After doing this for almost 30 years, I've found my place of comfort comes from a middle ground between prep and improv. With this I can keep the obsession of prepping for any given possibility out of the writing because, like you, I can come up with this stuff on the fly. It gives me enough information to make sure there is continuity and I also have reminders when I suffer from CRS. It also helps make the players feel like their actions have a whole lot more impact since I'm working with the here and now rather than, "Hold on I got that info in my notebook...I know I wrote that down...just a sec".
Step 1:
Begin your adventure with the broad strokes of the world, who are the major players and their goals, what are the important locations, are there key geographic (mountains/monuments) spots, etc. Once the players are involved, do some more broad strokes based on what back story they give, do the stories tie in to the plot(s), do the stories lend to a new location, do the stories lend to another major player. With those broad strokes laid down it's time to move to step 2.
Step 2:
I write down the key points I'd like for the players to experience. 3-5 bullet point notes, prep done. We play and then I move to step 3.
Step 3:
I take notes at the end of the session of any important details. I move the plots and stories along that aren't active. Then I go back to step 2.
Normally what I do for preparation is just draw out the maps and then improvise the rest. It generally works and can lead to some hilarious situations.
Currently playing in: Quest for the Shunned City, Coliseum of Conquest, DragonDenn's Dragonlords, Shipwrecked on Fugue, Tomb of Annihilation, Razor's Lost Mine of Phandelver, The Lost Kenku & One Grung Above
Currently DMing: Princes of the Apocalypse, Out of the Abyss, Coliseum of Conquest—The Arena (Sometimes)
Currently playing in: Quest for the Shunned City, Coliseum of Conquest, DragonDenn's Dragonlords, Shipwrecked on Fugue, Tomb of Annihilation, Razor's Lost Mine of Phandelver, The Lost Kenku & One Grung Above
Currently DMing: Princes of the Apocalypse, Out of the Abyss, Coliseum of Conquest—The Arena (Sometimes)
The vital bit of prep for changing to this style is telling the players in advance. Warn them that you may make mistakes. Let them know that metagaming is no longer going to work the same way; they are however free to go the way they want, not the way they think YOU want. Tell them you are expecting creativity more than puzzle-solving. (By which I mean, the puzzles they solve may not have been pre-solved by the DM.)
In my last session, I knew that right at the start the PCs were about to open the double doors onto a summoning, the climax of the adventure. (Keep on the Shadowfell, adjusted for 5th edition - take out half the fights, convert all the not-quite-goblins into goblins, the usual stuff...) I was tempted to build an epic temple with Terra-clips (we have them, never been used yet) and fight it out in 3 dimensions of gridded heaven. This could have been the encounter we live for. I'd had a couple of weeks' notice after all.

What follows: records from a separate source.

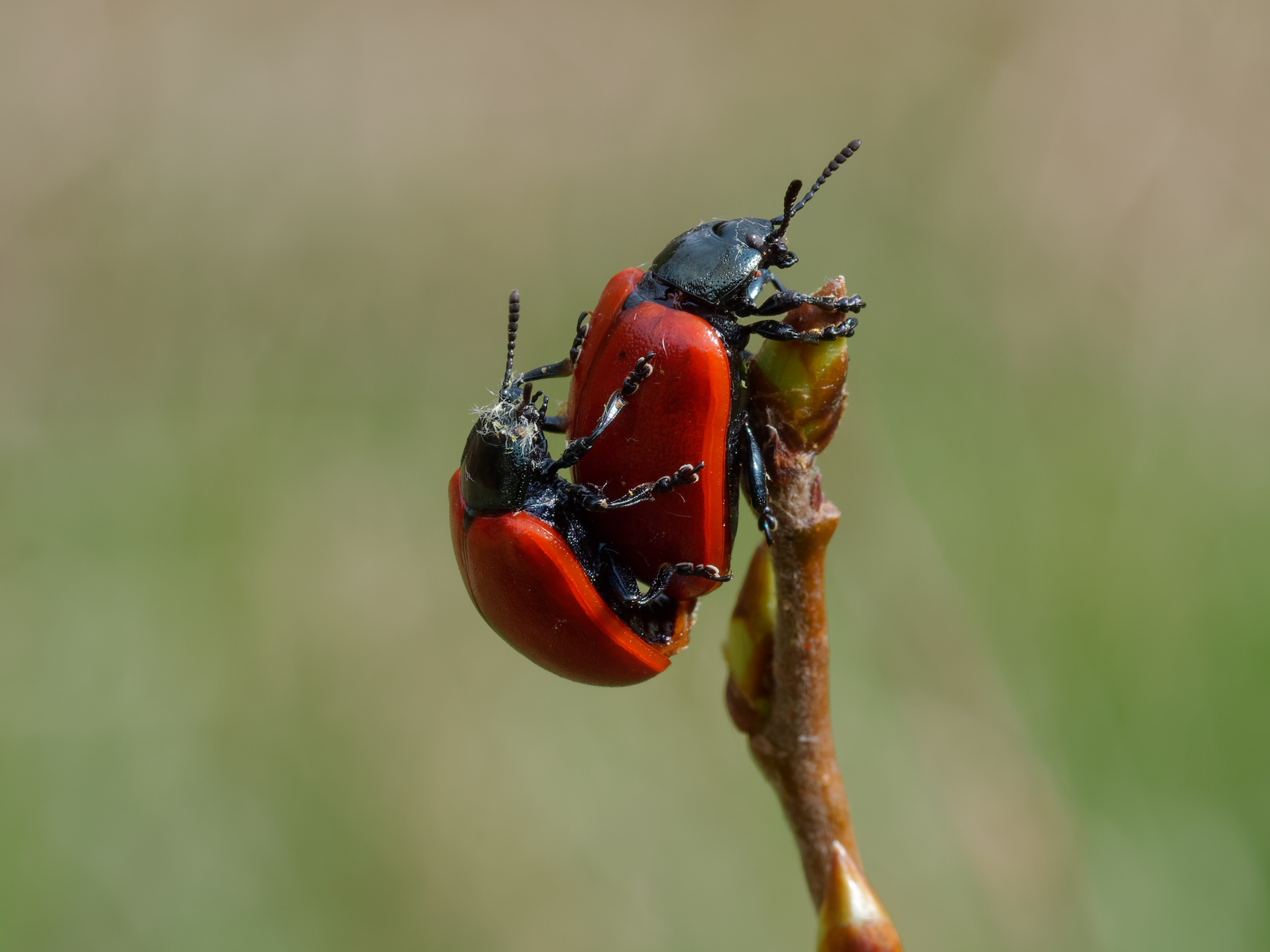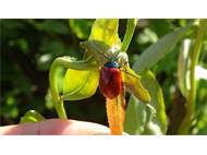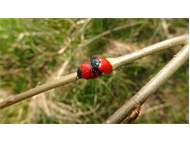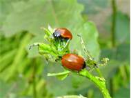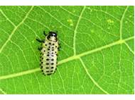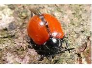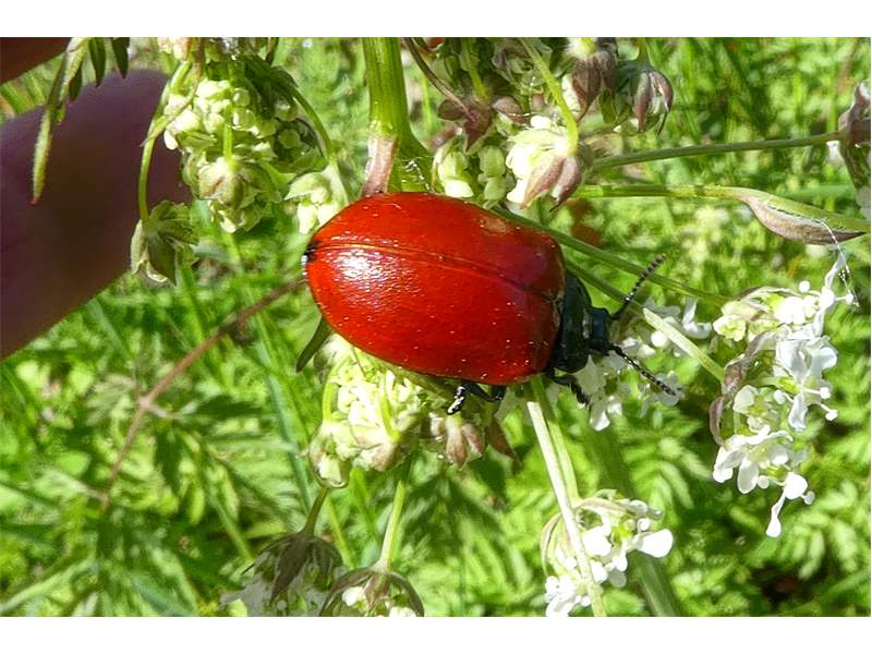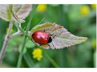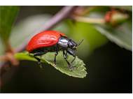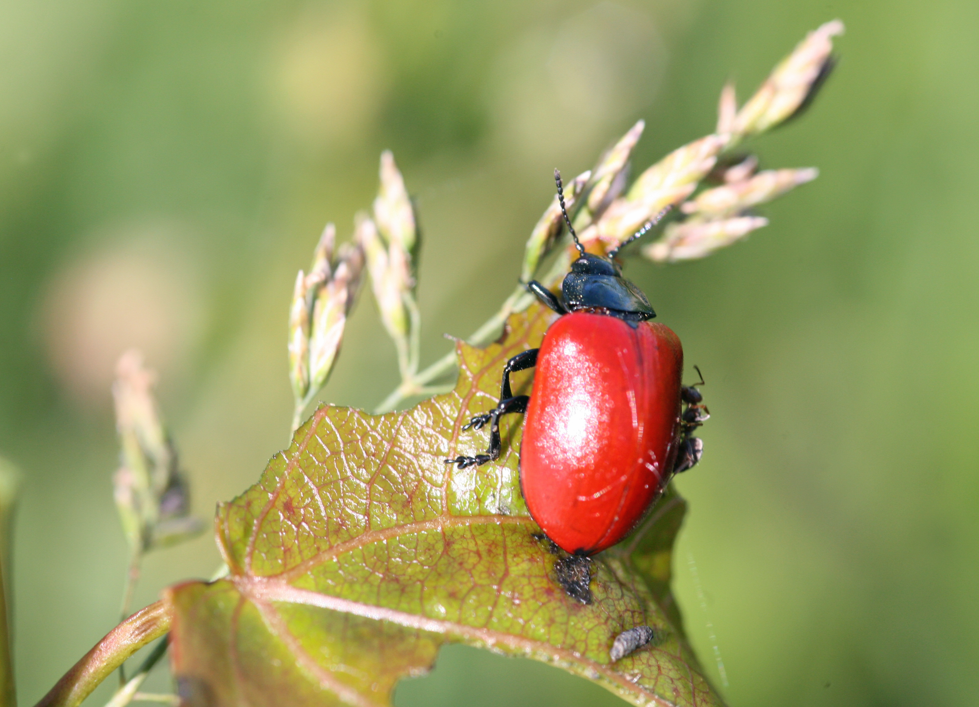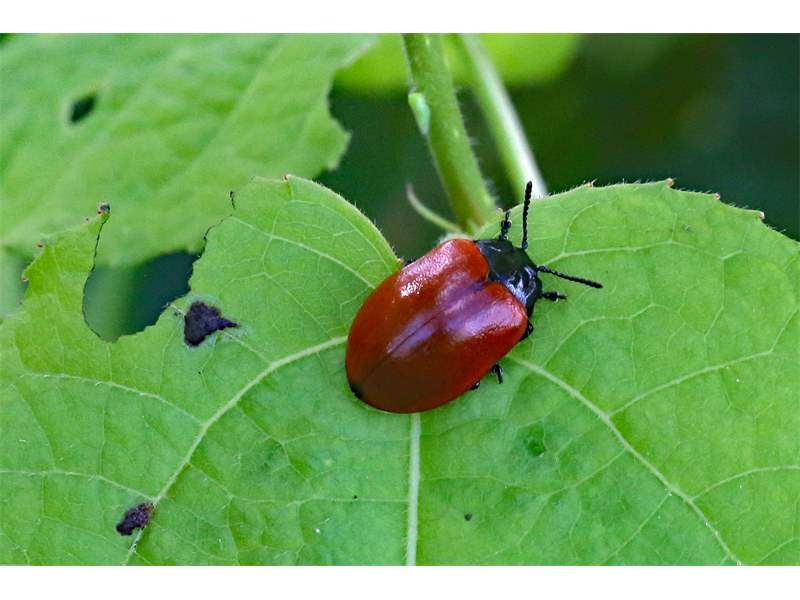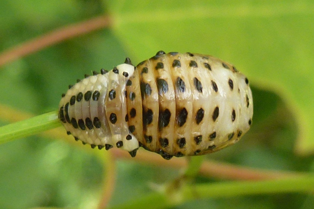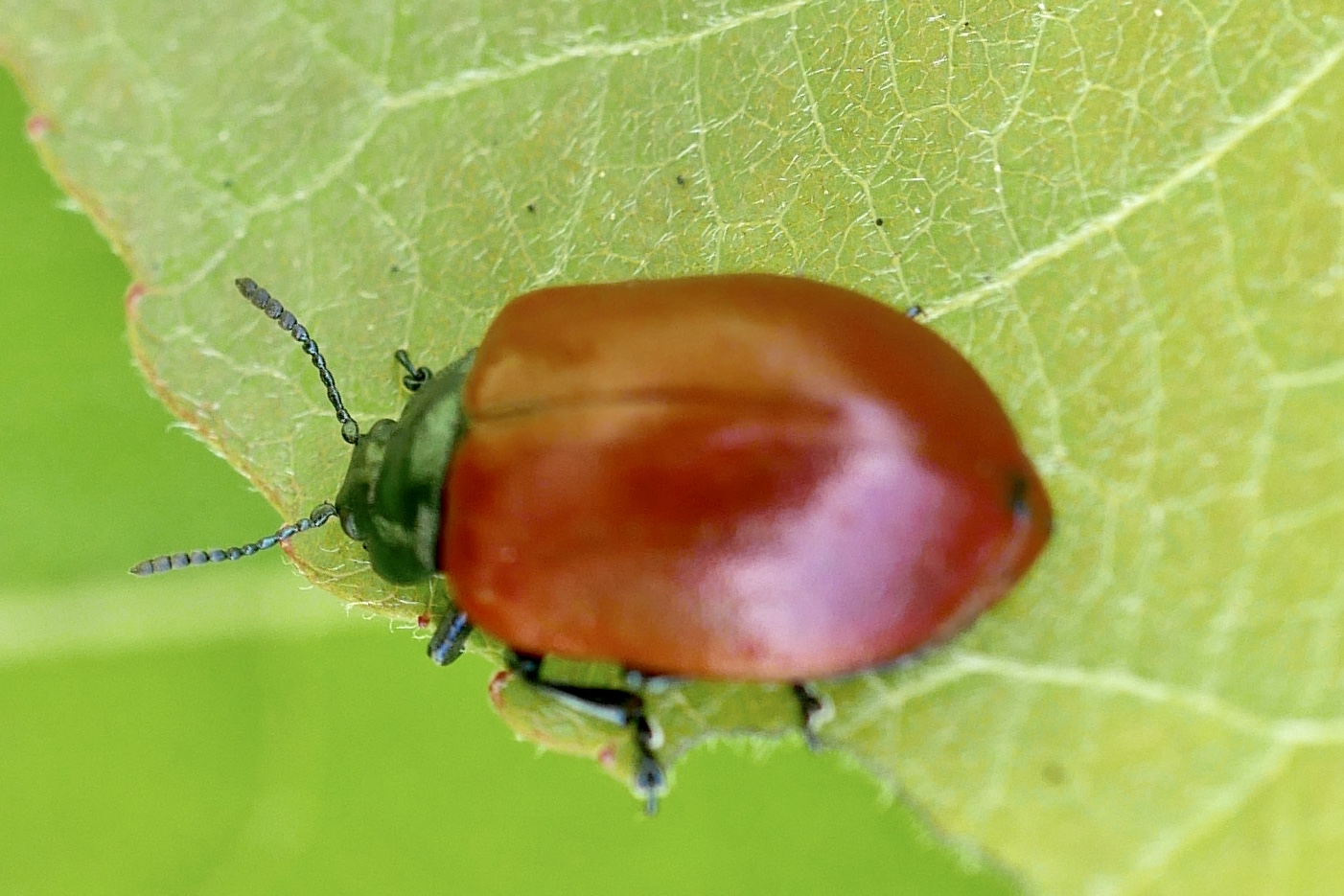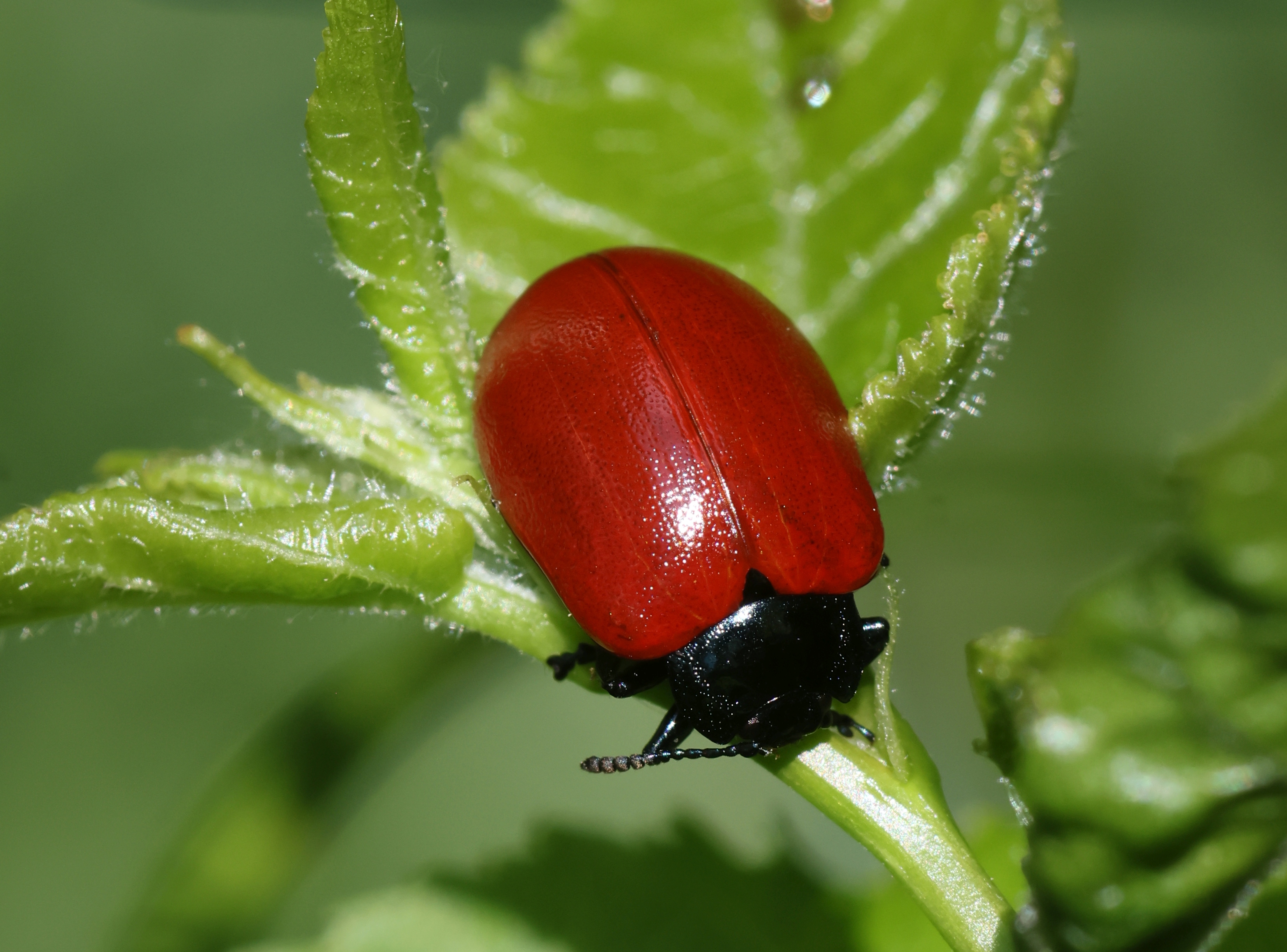 Pappelblattkäfer (Chrysomela populi) in der Gemarkung Hohenprießnitz, Sportplatz, nördlicher Waldrand, auf einer Espe (Populus tremula), April 2014 (© Michael Happ)( Bild vergrößern)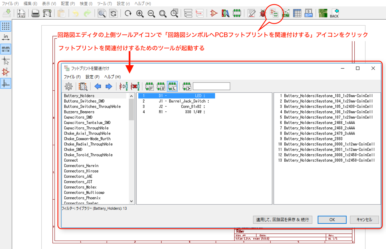 - 上側のツールアイコンで「回路図シンボルへPCBフットプリントを関連付けする」アイコンをクリックすると起動します。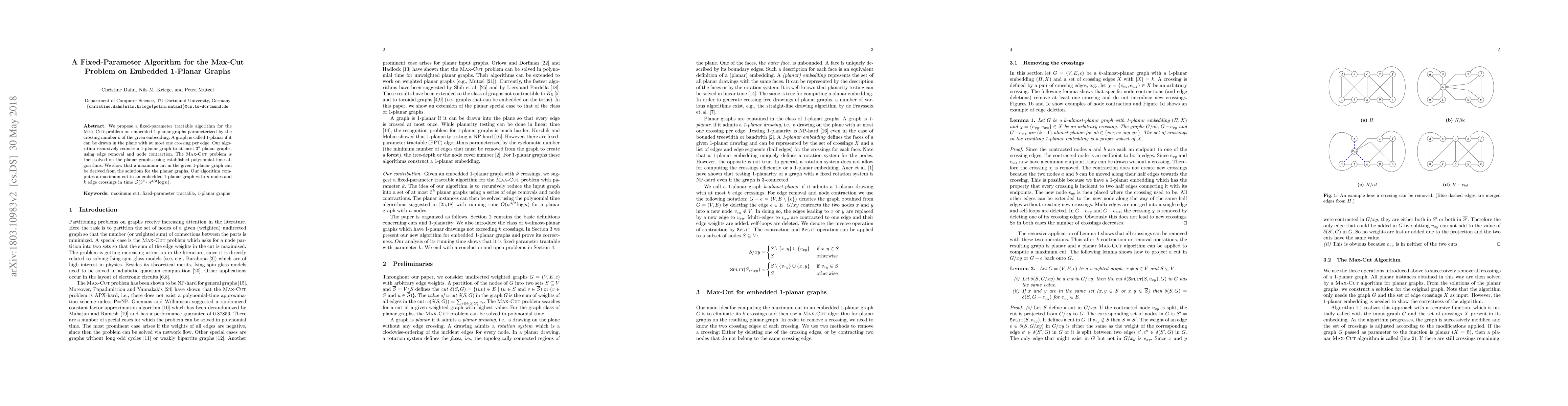 This paper presents a fixed-parameter tractable algorithm for solving the Max-Cut problem on embedded 1-planar graphs, parameterized by their crossing number $k$. The algorithm reduces the 1-planar graph into at most $3^k$ planar graphs, solving the Max-Cut problem on each using polynomial-time methods and deriving the solution for the original graph. The overall runtime is $\mathcal{O}(3^k \cdot n^{3/2} \log n)$.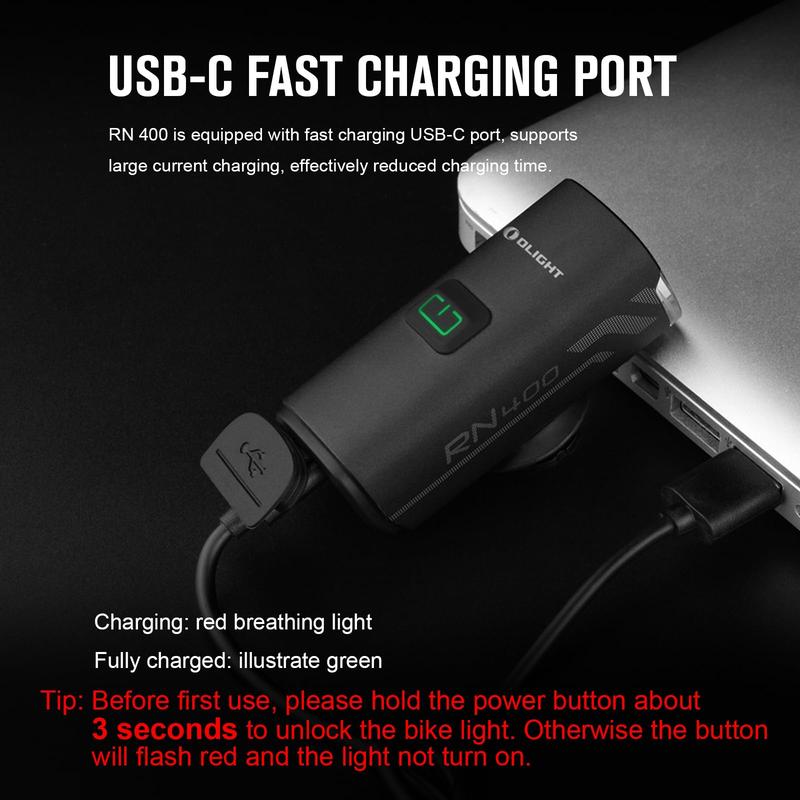 ·Rechargeable Bikelight: Olight RN 400 is a bike headlight with a max output of 400 lumens and equipped with a fast-charging USB-C port, supports large current charging, effectively reduced charging time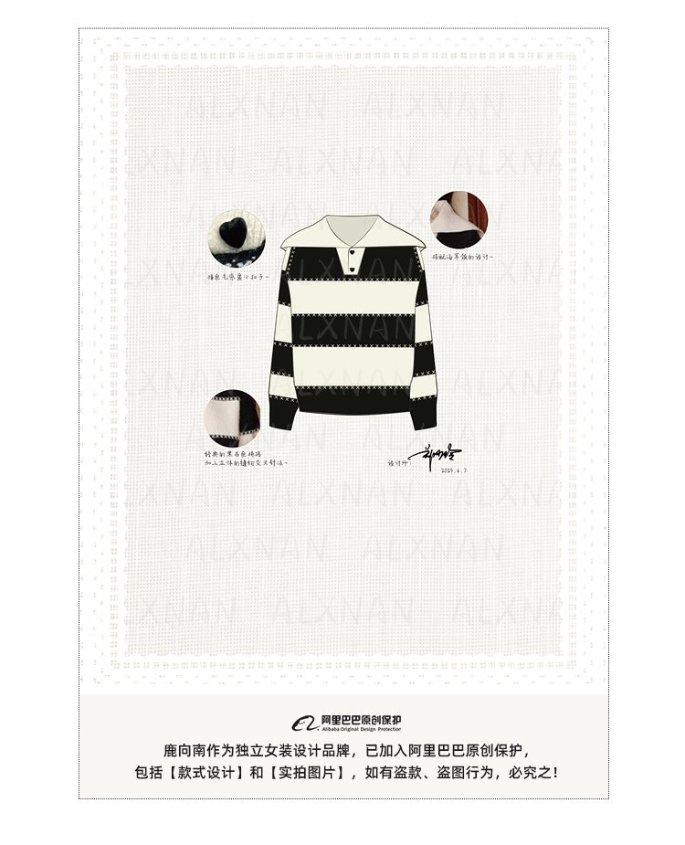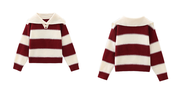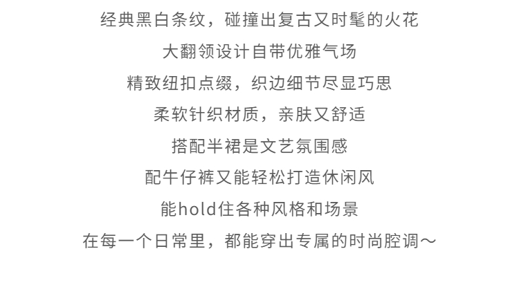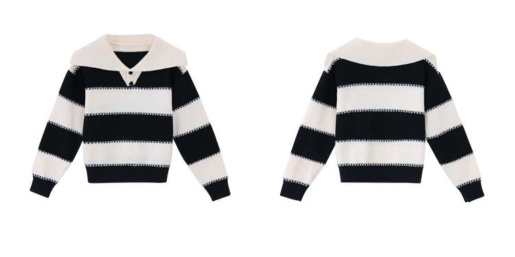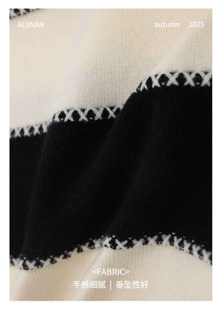 鹿向南「晚冬回信」黑白条纹翻领针织衫毛衣女秋宽松慵懒显瘦上衣

But no. Genius here decided to flip expectations. The door opens onto a dozen or so dejected cultists, the summoning already a failure and their leader sucked into Hell. In short, they were fed up and happy to surrender. I had visions of the PCs escorting them to the nearest city, where more adventures awaited. It was going to be great. The players were going to remember this for a long time, free-form sandboxing was finally here....Greatest. DM. EVER!
Except they slaughtered the cultists in short order and I was left wondering "What next?" One of the PCs wanted to jump through the portal, but the look of horror on my face luckily dissuaded him. (Or maybe not so luckily.)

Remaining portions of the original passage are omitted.